The llamas were all sleeping but they weren’t in holes, so you could see them.
“Sometimes I don’t read magazines,” said Jessica. “Sometimes I just look at the pictures. I like to look at clothes. They are very elegant.”
“I never look at clothes,” I said. “Never.”
“You look at Miss Iris’ clothes,” she said.
“Do not.”
“Do so,” said Jessica. “She sits next to you all the time and you look at her clothes and when she crosses her legs you look at her shoes. I saw you on the bus.”
Then we both looked at the llamas. I think they are spelled wrong.
“There’s a pretty one,” Jessica said. “He’s all black with white socks like my horse.”
“You don’t have a horse.”
“Do so.”
“Where?”
“That’s for me to know and you to find out.”

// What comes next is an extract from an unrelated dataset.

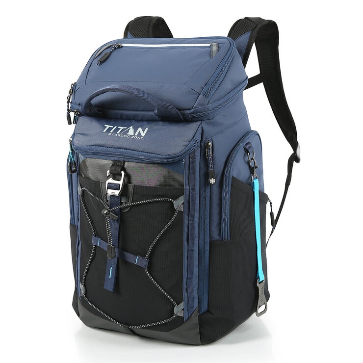 The Titan Deep Freeze® 26 Can Backpack Cooler keeps ice up to 2 days and has 5 insulated compartments, 7 accessory pockets and 2 removable Ice Walls®. Fitted with a 26 can capacity main compartment and features SuperFoam® insulation with Therma-Flect® radiant barrier and an Ultra Safe® leak proof, making this perfect for camping or trekking. Reduce wasting time and difficulty cleaning with the easy clean lining. All 5 insulated compartments as well as the Ice Wall® pockets have Microban® to help protect against bacterial odors and stains. The exterior front and sides are constructed of stain and water resistant, easy clean material. The back is comfortable with the padded and breathable mesh panels; adjustable, padded backpack straps; and sternum strap. Also with a removable bottle opener, the Titan Deep Freeze 26 Can Backpack Cooler is perfect for picnics, beaches, hikes and country trips.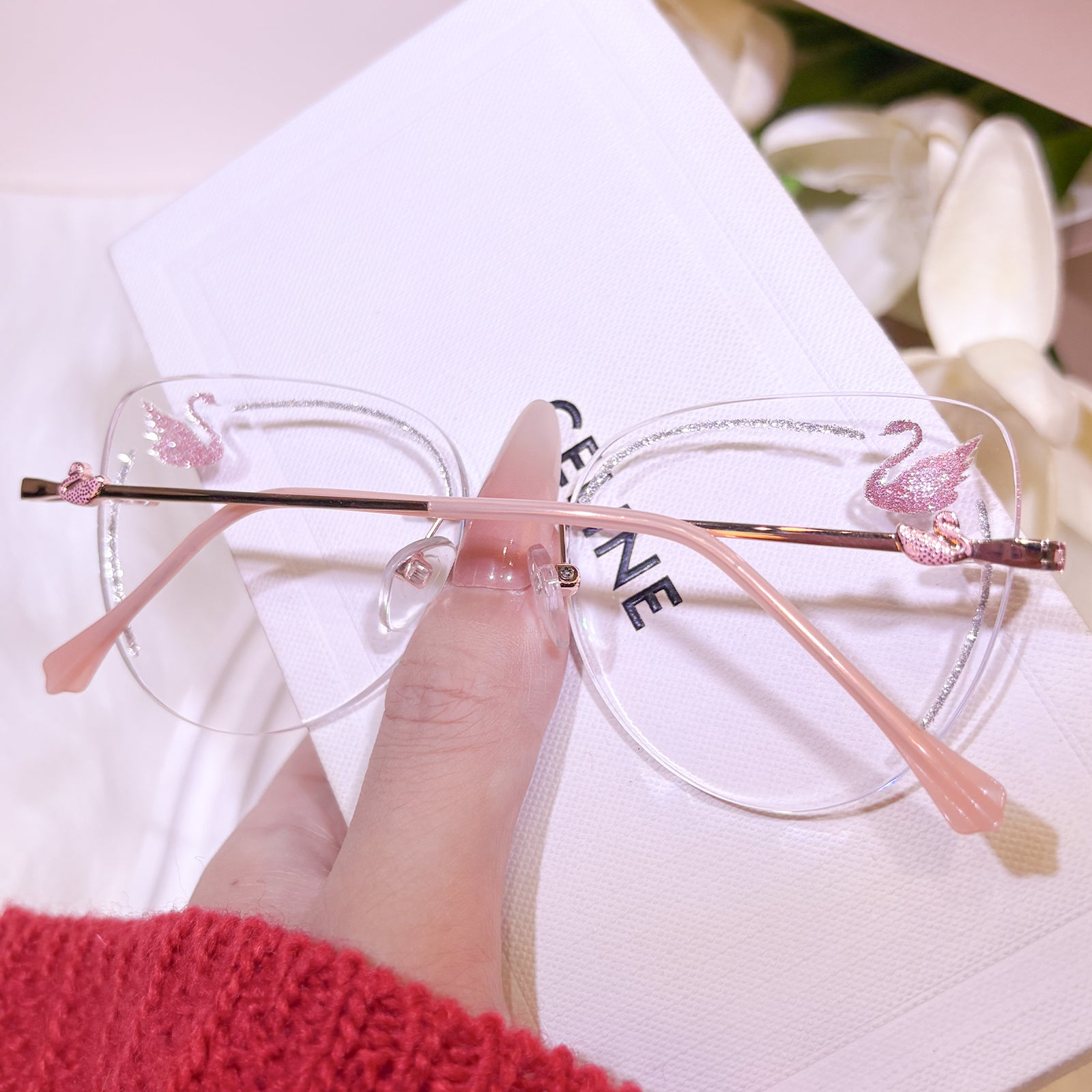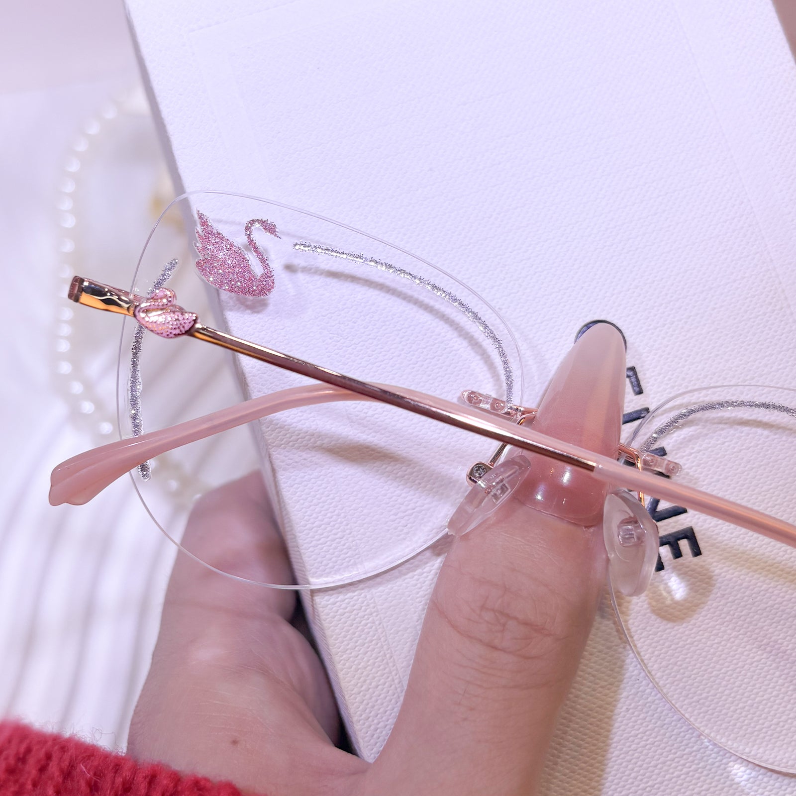 | Exclusive Design | These delicately minimalist glasses for women feature a weightless metal frame in soft blush pink, where the frameless design draws full attention to the graceful swan motif adorning each temple tip. The elegant swan appears in mid-flight, its form sculpted with poetic precision against the warm-toned metal, creating a look that balances ethereal beauty with structured refinement. For the modern woman who carries both strength and grace in her every gesture.

I looked at the llama. He spit on the ground.
“Once I had a horse, Jessica, and I told him to step on Miss Filmer’s head and then blood shot out of her eyeballs and they took her to the furnace and burned her up and I rode away on my horse.”
“I bet she smelled shitty,” said Jessica, and I got angry.
“You aren’t supposed to say shit,” I said. “It’s swearing.”
But Jessica just walked away saying, “Shit, shit, shit.”
Then we went to the bison. They were all sleeping. No holes.
“I can swear if I want to, it’s a free country, Burton,” said Jessica.
“My name isn’t Burton,” I said. “It’s Randy.” (I don’t know why I said this.)